REFLECTION 20: Walking

The fat man who kept pushing past me was God, and Charlie. Or was Charlie, who was God. When you’re a little kid, you think your father is God. That’s wrong, but maybe I went too far the other way. Where the hell’s Charlie now? I have to tell him I want to go on his picnic.

Most of all I want to get out of this city, get away from the dirt and cold and these gray-faced people. I’m turning into one of them, and I’d rather be dead.

Maybe you go to the dream-world when you’re dead, maybe that’s what death feels like. Tell me, Jane? Can you hear me? You’re dead, so what’s it like? Do you see the white pigeons, white pigeons falling from the sky, all speckled over with their own blood? People are so damned cruel.

I didn’t run out on Skip because he tried to make me happy, I ran out because he thought that horrible thing he did would make me happy and after that I knew I could never trust him anymore, that when he gave me something there might be dead kids behind it, might be anything behind it, any kind of murder.

I killed Mort Pununto. I know I did. They were all saying afterward that they hadn’t aimed at him, that they’d made sure they missed. I’d aimed for the middle of his chest, and what I aim at, by God I hit.

So I looked in the truck where they’d put his body, and there he was, Master Sergeant Pununto, the best damn noncom I ever saw. And he didn’t look one fuckin’ bit like he was asleep. He looked dead and he was dead, and there was my bullet hole in the middle of his chest three buttons down and no other bullet holes at all. And I knew then why they had put me on the firing squad.

Goodbye, Mort! Sometimes I see you in my dreams. I guess I always will.

You and Skip.

Is the Army a kind of death? Or is death a kind of enlistment? If it is, we all enlist, even if we don’t want to.

We’re sick of this life.

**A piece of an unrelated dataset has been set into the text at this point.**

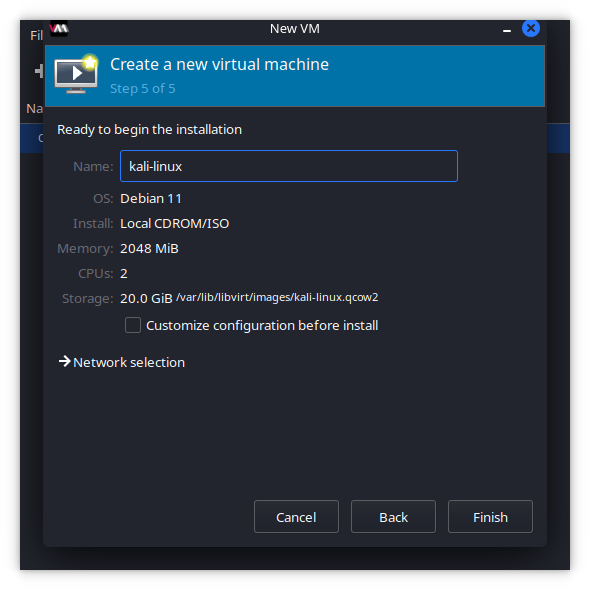 Kali inside QEMU/LibVirt with virt-manager (Guest VM)

Was I sick of winning the fencing tournament, sick of being the star pitcher on the softball team? No, sick of being out of college and in a world where I couldn’t do any of that, sick of living with Skip in a studio apartment. Sick of waiting for him to come home so I’d have somebody to bitch at. We weren’t going to last a year, and I knew it.

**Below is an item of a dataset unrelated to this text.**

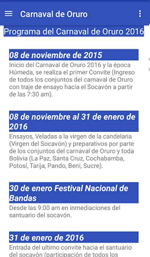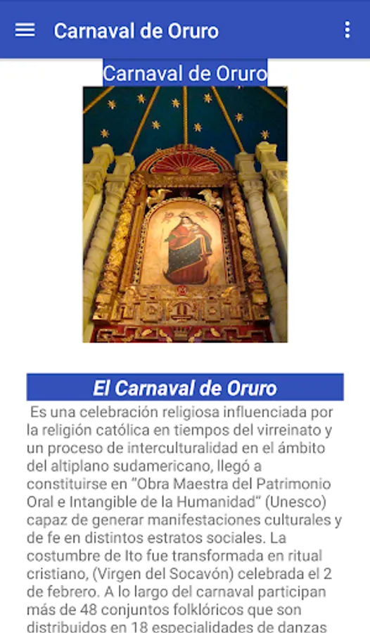 It is an application that lets you search the streets of Oruro and see your location. to enjoy more Oruro Carnival

So I joined, and then he wanted to contract and I said sure, darling, you wait for me.

The Army seemed so damned glamorous then. And damn it, up there it was glamorous! We were us. That was the big thing. We were us, and we could tell an officer to fuck off if we wanted to, because what was he going to do? Lock us up where the Os couldn’t get at us? Some fucking punishment! Not that we did it a lot. Our officers were fighters, or most of them were.

So was Mort Pununto and I killed him.

He enlisted. He was sick of whatever it was he’d been living in the EU, so he signed up for a job he must have known would get him killed within a year or two. He signed up for death.

Skip’s a fighter, too. I was surprised, on the boat. Skip with a subgun, jumping the rail with the gun in one hand; we used to call them rattlesnakes, those little short-barreled subguns.

I should’ve known. How many battles in court, risking disbarment, risking everything to set some scumbag free? Then blam! He came back to our stinking studio and he’s signed on with Chet Burton. God knows I didn’t know much, but I knew who Chet Burton was, the guy the celebrities went to when it was win or die and blood on the knife in their car.

So he was higher than Johanna, so I rained on his parade. But he was always a fighter.

Old and tired, in the penthouse he’d fixed up for me. Around the world next year, only no next year. So long, buddy. So long, Skip. The way I am now, you’re better off without me.

I’m going on Charlie’s picnic, out of the smoke and the dirt, away from Mick and the bottles behind the bar, and the all the gray faces. I’m going away, and I’m not coming back.

They’ll tell me when you do, and I’ll be there.